*RECORDS SUPPLIED*
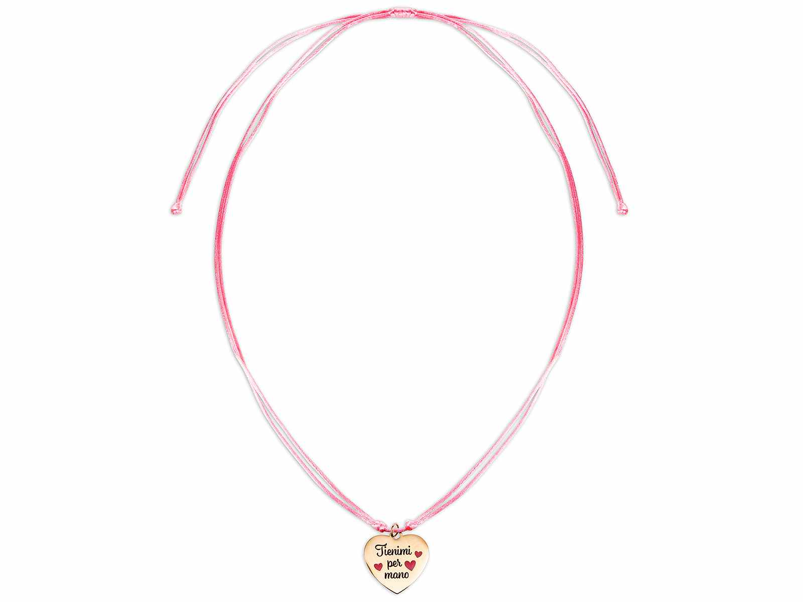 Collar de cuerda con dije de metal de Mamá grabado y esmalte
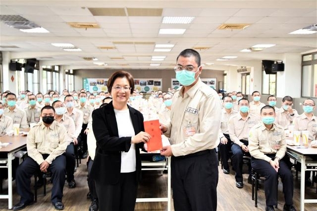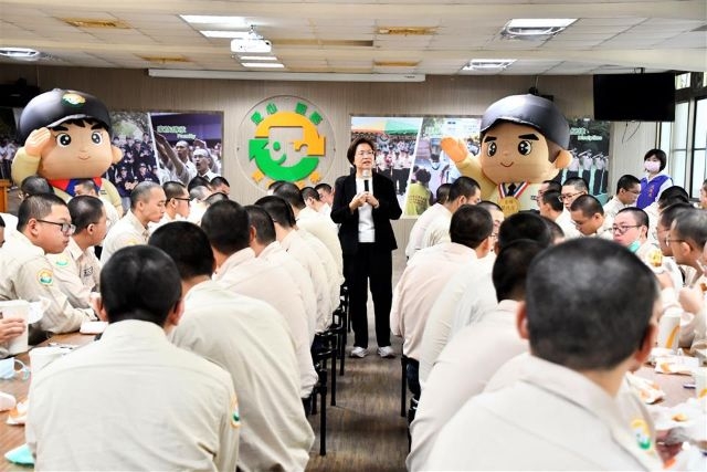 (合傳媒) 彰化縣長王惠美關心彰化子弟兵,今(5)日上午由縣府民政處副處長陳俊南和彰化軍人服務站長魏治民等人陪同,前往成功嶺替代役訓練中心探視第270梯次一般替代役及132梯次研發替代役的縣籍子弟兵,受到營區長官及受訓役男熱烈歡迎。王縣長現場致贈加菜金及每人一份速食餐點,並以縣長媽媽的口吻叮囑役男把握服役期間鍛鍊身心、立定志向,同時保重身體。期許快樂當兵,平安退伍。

* * *

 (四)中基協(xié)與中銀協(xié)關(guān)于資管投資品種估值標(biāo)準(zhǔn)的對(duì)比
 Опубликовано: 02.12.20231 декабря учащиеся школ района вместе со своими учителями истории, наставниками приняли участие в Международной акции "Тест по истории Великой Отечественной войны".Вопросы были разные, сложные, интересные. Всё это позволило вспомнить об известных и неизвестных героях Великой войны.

--

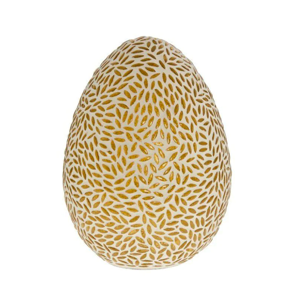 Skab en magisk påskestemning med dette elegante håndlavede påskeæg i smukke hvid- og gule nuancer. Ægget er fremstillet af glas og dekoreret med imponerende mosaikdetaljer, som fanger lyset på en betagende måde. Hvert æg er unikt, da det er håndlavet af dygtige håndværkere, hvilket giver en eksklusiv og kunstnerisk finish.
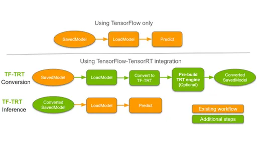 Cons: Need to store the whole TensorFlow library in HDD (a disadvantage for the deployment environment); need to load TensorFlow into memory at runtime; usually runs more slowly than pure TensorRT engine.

*TASK INSTRUCTIONS*
Only one stretch of the entries above is needed: the lines from the one containing "Collar de cuerda" through the one containing "(合傳媒) 彰化縣長王惠美關". Copy it exactly, without the pictures.

*WRITTEN RESPONSE*
 Collar de cuerda con dije de metal de Mamá grabado y esmalte
 (合傳媒) 彰化縣長王惠美關心彰化子弟兵,今(5)日上午由縣府民政處副處長陳俊南和彰化軍人服務站長魏治民等人陪同,前往成功嶺替代役訓練中心探視第270梯次一般替代役及132梯次研發替代役的縣籍子弟兵,受到營區長官及受訓役男熱烈歡迎。王縣長現場致贈加菜金及每人一份速食餐點,並以縣長媽媽的口吻叮囑役男把握服役期間鍛鍊身心、立定志向,同時保重身體。期許快樂當兵,平安退伍。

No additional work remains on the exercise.